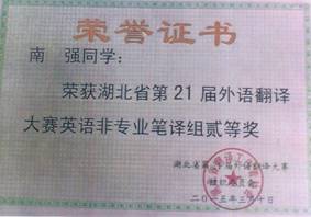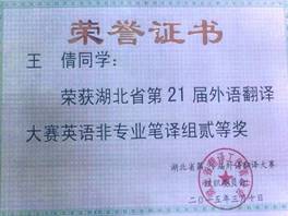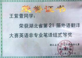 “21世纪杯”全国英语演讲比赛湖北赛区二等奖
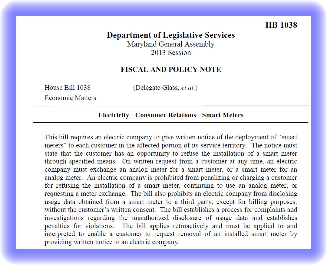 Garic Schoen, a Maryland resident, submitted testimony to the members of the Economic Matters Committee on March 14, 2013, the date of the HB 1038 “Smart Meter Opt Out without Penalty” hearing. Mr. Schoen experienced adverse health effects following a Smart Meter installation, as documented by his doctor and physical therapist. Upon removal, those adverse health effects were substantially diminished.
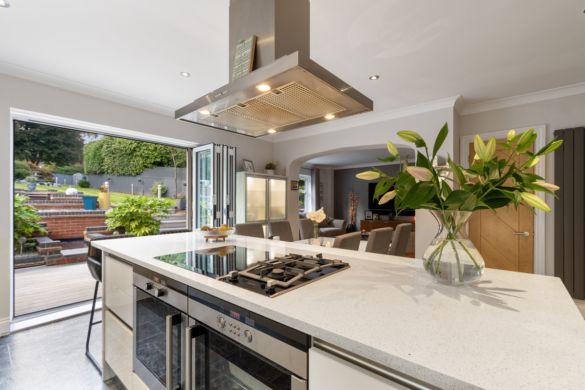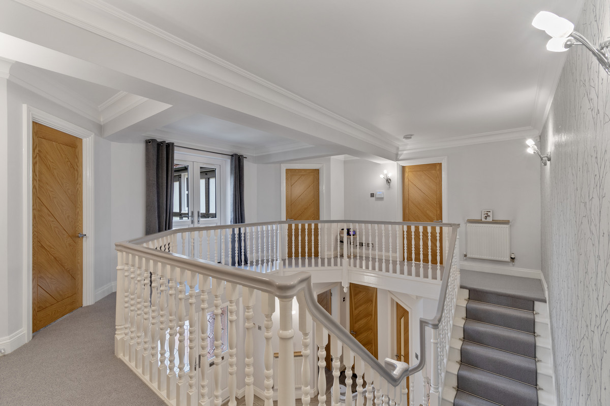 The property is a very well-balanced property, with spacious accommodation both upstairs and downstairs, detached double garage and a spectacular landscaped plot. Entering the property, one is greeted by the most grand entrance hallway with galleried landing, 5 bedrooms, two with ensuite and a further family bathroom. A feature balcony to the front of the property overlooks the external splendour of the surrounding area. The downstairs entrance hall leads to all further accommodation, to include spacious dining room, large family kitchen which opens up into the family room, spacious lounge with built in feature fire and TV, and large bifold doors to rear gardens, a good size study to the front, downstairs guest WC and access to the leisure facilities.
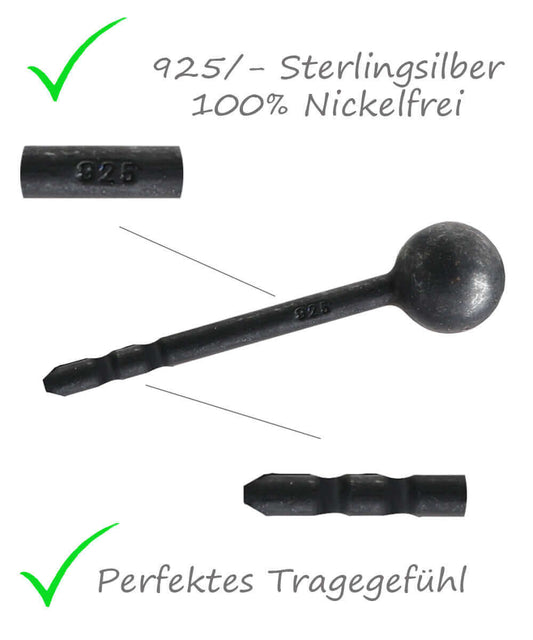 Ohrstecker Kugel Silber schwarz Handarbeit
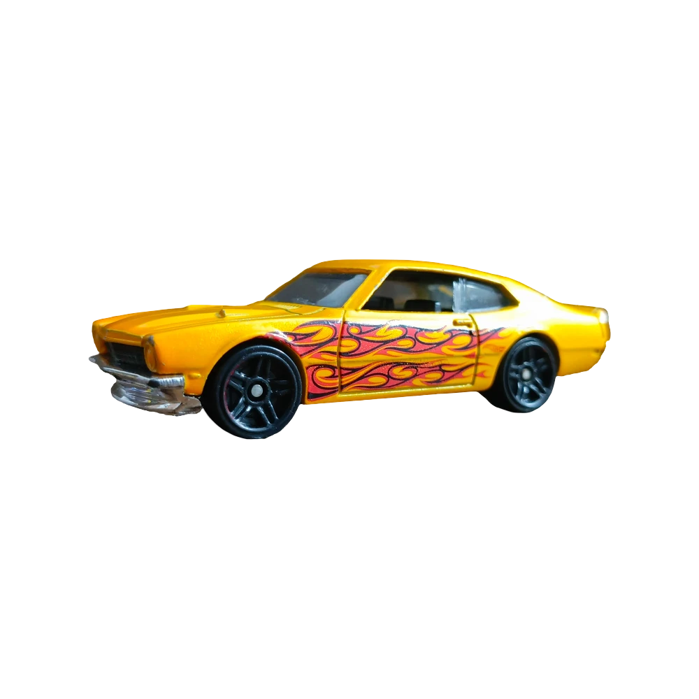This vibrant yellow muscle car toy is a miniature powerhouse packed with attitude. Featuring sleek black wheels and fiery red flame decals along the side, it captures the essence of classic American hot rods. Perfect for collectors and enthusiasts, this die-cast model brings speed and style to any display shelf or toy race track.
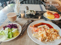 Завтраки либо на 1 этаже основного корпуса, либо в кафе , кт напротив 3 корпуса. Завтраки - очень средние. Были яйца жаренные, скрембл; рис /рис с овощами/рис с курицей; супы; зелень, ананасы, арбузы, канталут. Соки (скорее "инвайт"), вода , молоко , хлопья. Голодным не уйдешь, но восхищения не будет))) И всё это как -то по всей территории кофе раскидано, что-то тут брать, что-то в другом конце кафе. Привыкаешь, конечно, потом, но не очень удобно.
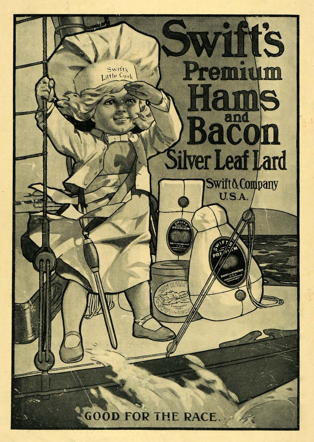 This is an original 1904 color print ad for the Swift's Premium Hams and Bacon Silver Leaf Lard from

■ **What the exercise asks**
Would you please restate the records word for word, excluding any images?

■ **Solution to the exercise**
 “21世纪杯”全国英语演讲比赛湖北赛区二等奖
 Garic Schoen, a Maryland resident, submitted testimony to the members of the Economic Matters Committee on March 14, 2013, the date of the HB 1038 “Smart Meter Opt Out without Penalty” hearing. Mr. Schoen experienced adverse health effects following a Smart Meter installation, as documented by his doctor and physical therapist. Upon removal, those adverse health effects were substantially diminished.
 The property is a very well-balanced property, with spacious accommodation both upstairs and downstairs, detached double garage and a spectacular landscaped plot. Entering the property, one is greeted by the most grand entrance hallway with galleried landing, 5 bedrooms, two with ensuite and a further family bathroom. A feature balcony to the front of the property overlooks the external splendour of the surrounding area. The downstairs entrance hall leads to all further accommodation, to include spacious dining room, large family kitchen which opens up into the family room, spacious lounge with built in feature fire and TV, and large bifold doors to rear gardens, a good size study to the front, downstairs guest WC and access to the leisure facilities.
 Ohrstecker Kugel Silber schwarz Handarbeit
This vibrant yellow muscle car toy is a miniature powerhouse packed with attitude. Featuring sleek black wheels and fiery red flame decals along the side, it captures the essence of classic American hot rods. Perfect for collectors and enthusiasts, this die-cast model brings speed and style to any display shelf or toy race track.
 Завтраки либо на 1 этаже основного корпуса, либо в кафе , кт напротив 3 корпуса. Завтраки - очень средние. Были яйца жаренные, скрембл; рис /рис с овощами/рис с курицей; супы; зелень, ананасы, арбузы, канталут. Соки (скорее "инвайт"), вода , молоко , хлопья. Голодным не уйдешь, но восхищения не будет))) И всё это как -то по всей территории кофе раскидано, что-то тут брать, что-то в другом конце кафе. Привыкаешь, конечно, потом, но не очень удобно.
 This is an original 1904 color print ad for the Swift's Premium Hams and Bacon Silver Leaf Lard from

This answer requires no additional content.